Base components of a lexical analyzer, enabling the creation of hand-written lexers for tokenizing textual content.
The tokenized data is suitable for processing with a parser.
Some Features of this Lexer:
- Rune-Centric
- Infinite Lookahead
- Mark / Reset Functionality
- Line / Column Tracking
import "github.com/tekwizely/go-parsing/lexer"
Lexing is initiated through various Lex*
methods, each accepting a different type of input to lex from:
func LexString(input string, start lexer.Fn) token.Nexter
func LexRuneReader(input io.RuneReader, start lexer.Fn) token.Nexter
func LexReader(input io.Reader, start lexer.Fn) token.Nexter
func LexRunes(input []rune, start lexer.Fn) token.Nexter
func LexBytes(input []byte, start lexer.Fn) token.Nexter
In addition to the input
data, each Lex function also accepts a function which serves as the starting point for your lexer.
The main Lexer process will call into this start
function to initiate lexing.
Lexer functions scan runes and emit tokens.
Lexer defines Lexer.Fn
with the following signature:
// lexer.Fn are user functions that scan runes and emit tokens.
//
type lexer.Fn func(*Lexer) lexer.Fn
When called, your lexer function will receive a Lexer
object which provides methods to inspect runes and match them to tokens.
A well-behaved lexer will first confirm if there are any runes to review before trying to peek at or match them.
For this, we have CanPeek()
:
// CanPeek confirms if the requested number of runes are available in the peek buffer.
// n is 1-based.
// If CanPeek returns true, you can safely Peek for values up to, and including, n.
//
func (l *Lexer) CanPeek(n int) bool
NOTE: When the Lexer calls your lexer function, it guarantees that CanPeek(1) == true
, ensuring there is at least one rune to review/match.
Once you're sure you can safely peek ahead, Peek()
will let you review the rune:
// Peek allows you to look ahead at runes without consuming them.
// n is 1-based.
//
func (l *Lexer) Peek(n int) rune
Once you confirm its safe to do so (see CanPeek()
/ Peek()
), Next()
will match the next rune from the input, making it part of the current token:
// Next matches and returns the next rune in the input.
//
func (l *Lexer) Next() rune
NOTE: When the Lexer calls your lexer function, it guarantees that CanPeek(1) == true
, ensuring there is at least one rune to review/match.
Once you've built up a token by consuming 1 or more runes, you may want to review it in its entirety before deciding what type of token it represents.
For this we have PeekToken()
:
// PeekToken allows you to inspect the currently matched rune sequence.
// The value is returned as a string, same as EmitToken() would provide.
//
func (l *Lexer) PeekToken() string
Once you've determined what the matched rune(s) represent, you can emit a token for further processing (for example, by a parser).
Along with the token text, we need to specify the token Type.
The general method for this is EmitToken()
:
// EmitToken emits a token of the specified type, along with all of the matched runes.
//
func (l *Lexer) EmitToken(t token.Type)
NOTE: See the section of the document regarding "Token Types"
for details on defining tokens for your lexer.
For some token types, the text value of the token isn't needed, and the token.Type
carries enough context to fully describe the token (ex. '+' -> TPlus
).
For these scenarios, you can use EmitType
to emit just the token type, discarding the previously-matched runes:
// EmitType emits a token of the specified type, discarding all previously-matched runes.
//
func (l *Lexer) EmitType(t token.Type)
Sometimes, you may match a series of runes that you simply wish to discard.

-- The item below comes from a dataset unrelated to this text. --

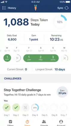 Carrot Rewards was a mobile app for residents of three Canadian provinces and one territory, allowing users to complete health questionnaires and track steps in exchange for rewards points.[1] The app was developed by Toronto-based Carrot Insights, a certified B corporation founded in 2015.[2] The app was first launched in British Columbia during March 2016, followed by Newfoundland and Labrador during June 2016, Ontario during February 2017, and the Northwest Territories only weeks before the app discontinued service in June 2019.[3] Users could choose during sign-up whether they want Aeroplan, Scene, Petro-Points, More Rewards or Drop rewards points.[4] RBC Rewards was also added as an option in June 2018.[5] Survey points were paid for by the organization which created the survey and step points were paid for by the provincial government where the user lives.[6] Carrot Rewards had also partnered with Heart & Stroke, Diabetes Canada and YMCA Canada.[7] The app was later expanded to include questionnaires and surveys on energy conservation and financial literacy.[8] In November 2018, an optional paid tier was added to the Carrot app, allowing users to receive bonus points for completing their goals.[9] Carrot shut down on June 19, 2019, after their "funds eventually ran out and [they] could no longer be in business".[10] However, in December 2019, social media accounts were updated with statuses saying “stay tuned”. In January 2020, Optimity bought Carrot Rewards and plans to relaunch the health app under a new model.[11]

For example, in certain contexts, whitespace characters may be ignorable.
To discard previously-matched runes without emitting any tokens, use the Clear()
method:
// Clear discards all previously-matched runes without emitting any tokens.
//
func (l *Lexer) Clear()
The Lexer allows you to create save points and reset to them if you decide you want to re-try matching runes in a different context.
To create a save point, use the Marker()
function:
// Marker returns a marker that you can use to reset the lexer to a previous state.
//
func (l *Lexer) Marker() *Marker
A marker is good up until the next Emit()
or Clear()
action.
A well-behaved lexer will first ensure that a marker is valid before trying to use it.
For this, we have Marker.Valid()
:
// Valid confirms if the marker is still valid.
// If Valid returns true, you can safely reset the lexer state to the marker position.
//
func (m *Marker) Valid() bool
Once you've confirmed a marker is still valid, Marker.Apply()
will let you reset the lexer state.
// Apply resets the lexer state to the marker position.
// Returns the Lexer.Fn that was stored at the time the marker was created.
//
func (m *Marker) Apply() lexer.Fn
NOTE: Resetting a marker does not reset the lexer function that was active when the marker was created. Instead it returns the function reference, giving the current lexer function the choice to use it or not.
You'll notice that the Lexer.Fn
return type is another Lexer.Fn
This is to allow for simplified flow control of your lexer function.
Your lexer function only needs to concern itself with matching the very next rune(s) of input.
This alleviates the need to manage complex looping / restart logic.
Simply return from your method after (possibly) emitting a token, and the Lexer will manage the looping.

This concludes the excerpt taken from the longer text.